Софья Казимировна Островская | |
---|---|
| |
Дата рождения | 1902 |
Место рождения | Москва, Российская империя |
Дата смерти | 19 апреля 1983 |
Место смерти | Ленинград, СССР |
Гражданство | РСФСР, СССР |
Подданство | Российская империя |
Род деятельности |
мемуаристка писательница сотрудница НКВД переводчица |
Отец | Казимир Владиславович Островский |
Мать | Анастасия Францисковна Корчак-Михневич |
В течение своей жизни Софья Островская была близка с людьми, многие из которых получили широкую известность как учёные, литераторы и военачальники. Среди них писатель Е. Замятин, конструктор ракетной техники Б. С. Петропавловский, историк И. Гревс, генерал-майор Ф. Арутюнов, профессор-востоковед А. Калантар и другие. С 1944 по 1946 год Софья Островская была подругой российской и советской поэтессы Анны Ахматовой. В соответствии с современными исследованиями, Островская была осведомителем НКВД и осуществляла негласное наблюдение за ней.

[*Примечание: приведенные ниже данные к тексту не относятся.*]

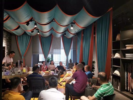 在座談會中,與會人員各抒已見,對新展廳的產品連連稱贊,軟裝的裝飾點綴讓空間更顯溫馨設計感。大家紛紛向劉廷貴總經理請教壁紙這方面的相關問題,交流行業動態及提出各自經營發展中遇到的問題,會議氛圍輕松愉快。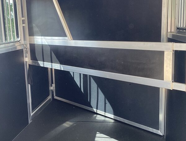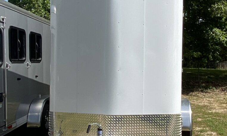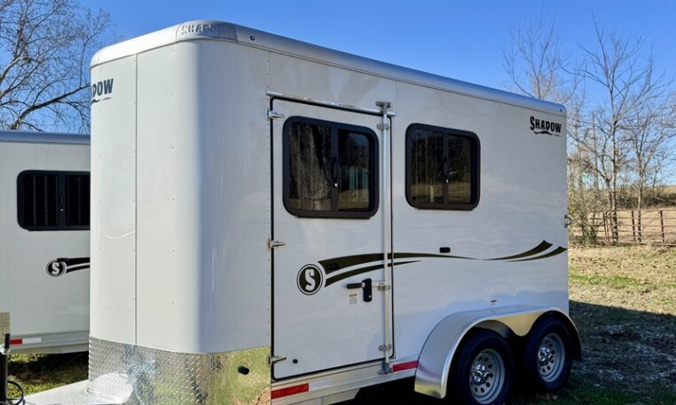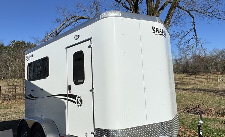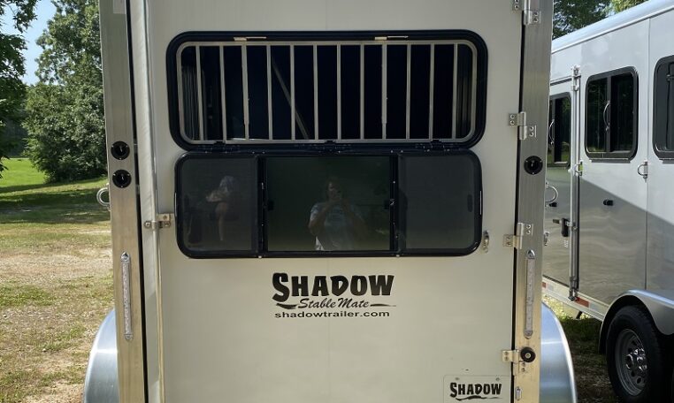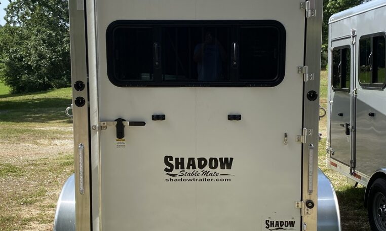 Shadow 2 horse slant load bumper pull with escape door and graphics, 13’6 x 6’9 x 7’6, 3500# spring leaf axles, 15″ tires, spare. Dressing room: 24″ short wall, 28″ dressing room door w 14 x 24 window, swinging slant wall, 2 saddle racks, bridle hooks, dome light. Horse area: 38″ escape door, 24 x 32 drop feed windows streetside, 42″ stall width, drop feed window curbside and rear door, dome lights, pressure treated wood floor with rubber mats, hinged rear door, exterior load light, 2 fans, exterior ties.

Софья Островская родилась в состоятельной семье в Москве в 1902 году. Она стала первым ребёнком в семье Казимира Владиславовича Островского — московского купца 2-й гильдии — и Анастасии Францисковны Корчак-Михневич, которая принадлежала к польскому дворянскому роду. Вторым ребёнком от этого брака был родившийся в 1905 году мальчик Эдуард. Он сильно отставал в развитии, а в конце жизни страдал серьёзным психическим заболеванием. Отец не любил сына и уделял всё своё внимание маленькой девочке, которая была способным и активным ребёнком — увлекалась танцами, игрой на фортепиано, свободно разговаривала по-французски[1].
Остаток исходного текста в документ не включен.